People Do Care

Have you ever got excited to share something on social media and the thought crossed your mind “Nobody cares.” or “Nobody gives a shit.”?  I have, and I often choose to ignore those thoughts because my desire to help others outweighs my fear of nobody caring what I have to say.

I’ve been doing a lot of mind work and staying aware of my thoughts while trying out some NLP (Neuro-Linguistic Programming) techniques. A few nights ago, after reflecting on and practicing the Auditory Swish Process, something happened where I was able to discover the root of where those thoughts came from.

In NLP: The Essential Guide, it is suggested to listen very carefully to that voice, to notice where it is coming from, to try to identify whose voice it is and what the context is.  As I listened to this voice, it was coming from behind my head, but it was unidentifiable.  It didn’t seem angry or mean, just sort of matter-of-fact.

I practiced the techniques where you turn down the volume of the negative thought and then turn up the volume of a positive thought such as “People do care.”  There was also the concept of hearing the negative thought being washed away with the sound of the surf on the beach.  The negative thought fades out and is replaced with the positive thought.

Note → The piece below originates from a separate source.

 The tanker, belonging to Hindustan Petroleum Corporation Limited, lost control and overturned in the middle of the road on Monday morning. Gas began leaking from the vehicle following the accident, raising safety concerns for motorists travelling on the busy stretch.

Right after I finished reading that chapter in the NLP book and practicing that technique in my mind, I went downstairs to chat with my daughters.  They mentioned their concern for someone who was feeling anxious about something.  I didn’t want this person to worry about it, so I just blurted out, “Nobody cares about that”.  I realized instantly that I felt protective of this person, I felt that they didn’t need to be anxious and everything was going to be fine.

This made me realize and recognize that the “Nobody cares.” that was in my head was originally said to me as a form of protection.  I didn't remember an exact moment or specific time it was said to me.  However, I was overwhelmed with emotion when I pictured myself as a shy middle schooler upset and insecure trying to figure out what to wear to school.  I can hear my mom, dad or big sister saying “Nobody cares what you wear, everyone loves you for who you are.”  

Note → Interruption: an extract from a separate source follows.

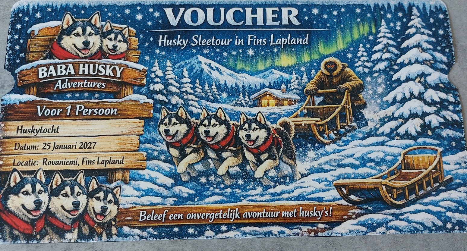 Namens iedereen die aanwezig was kreeg ik ook een prachtige cadeau, vliegtickets naar Lapland incl 3 overnachtingen in een echt Fins huisje met prive sauna en ook nog een husky sleetocht tocht voor 1 persoon.
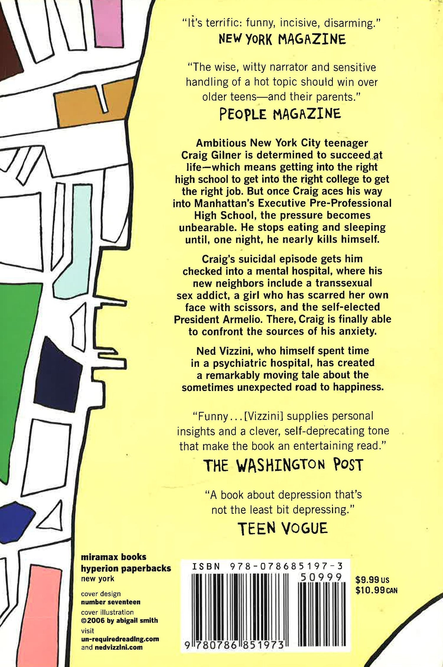 Like many ambitious New York City teenagers, Craig Gilner sees entry into Manhattan's Executive Pre-Professional High School as the ticket to his future. Determined to succeed at life - which means getting into the right high school to get into the right college to get the right job - Craig studies night and day to ace the entrance exam, and does. That's when things start to get crazy. At his new school, Craig realizes that he isn't brilliant compared to the other kids; he's just average, and maybe not even that. He soon sees his once-perfect future crumbling away. The stress becomes unbearable and Craig stops eating and sleeping - until, one night, he nearly kills himself. Craig's suicidal episode gets him checked into a mental hospital, where his new neighbors include a transsexual sex addict, a girl who has scarred her own face with scissors, and the self-elected President Armelio. There, isolated from the crushing pressures of school and friends, Craig is finally able to confront the sources of his anxiety. Ned Vizzini, who himself spent time in a psychiatric hospital, has created a remarkably moving tale about the sometimes unexpected road to happiness. For a novel about depression, it's definitely a funny story.

I then remembered being in high school getting ready to go out with my friends, stressing about my newly permed frizz ball mess of hair, the zit on my nose or the jeans that didn’t look right.  I can hear my friends saying “Nobody gives a shit, you still look pretty.” 

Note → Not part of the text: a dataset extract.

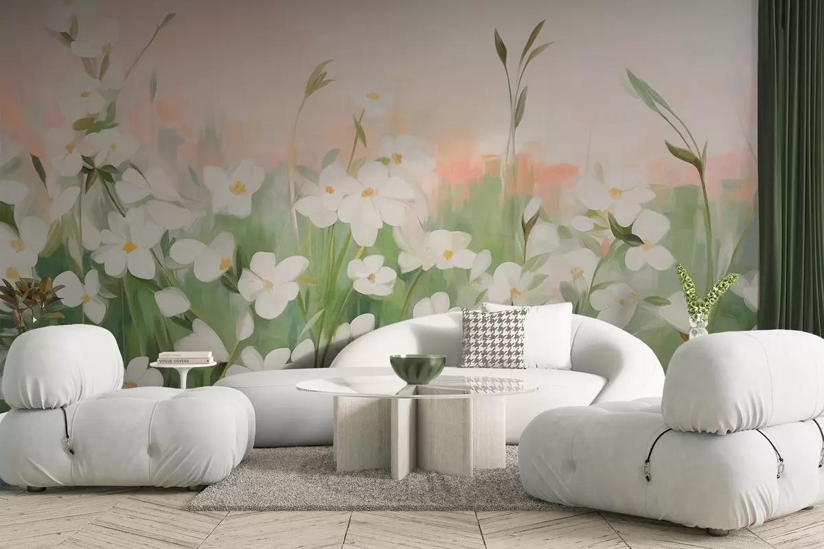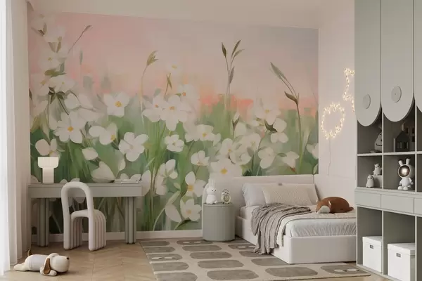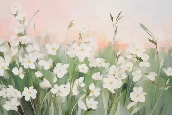 Peintures murales Champ abstrait de fleurs sauvages aux tiges et feuilles vertes, sur fond de ciel texturé rose pâle et blanc. Nr. w09297

Then a specific memory became clear in my mind. When I was in 8th grade, I had a solo singing part in the musical Bye Bye Birdie.  When I enthusiastically went to belt out my lines, “Hi Alice!  What’s the story, morning glory?  What’s the word, hummingbird?” my voice cracked for all to hear.  I was mortified.  After the musical, my mom said, “Nobody cares that your voice cracked, it actually sounded like you meant to do that.  It sounded great and everybody loved it.”

A phrase that was originally used to protect me and encourage me, somehow got misinterpreted in my mind and was now limiting me and discouraging me.  My mind somehow lost the second part of the sentence and twisted it into something that was untrue.  I held onto that thought to protect myself.  Now I choose to complete the sentence and speak what is really true.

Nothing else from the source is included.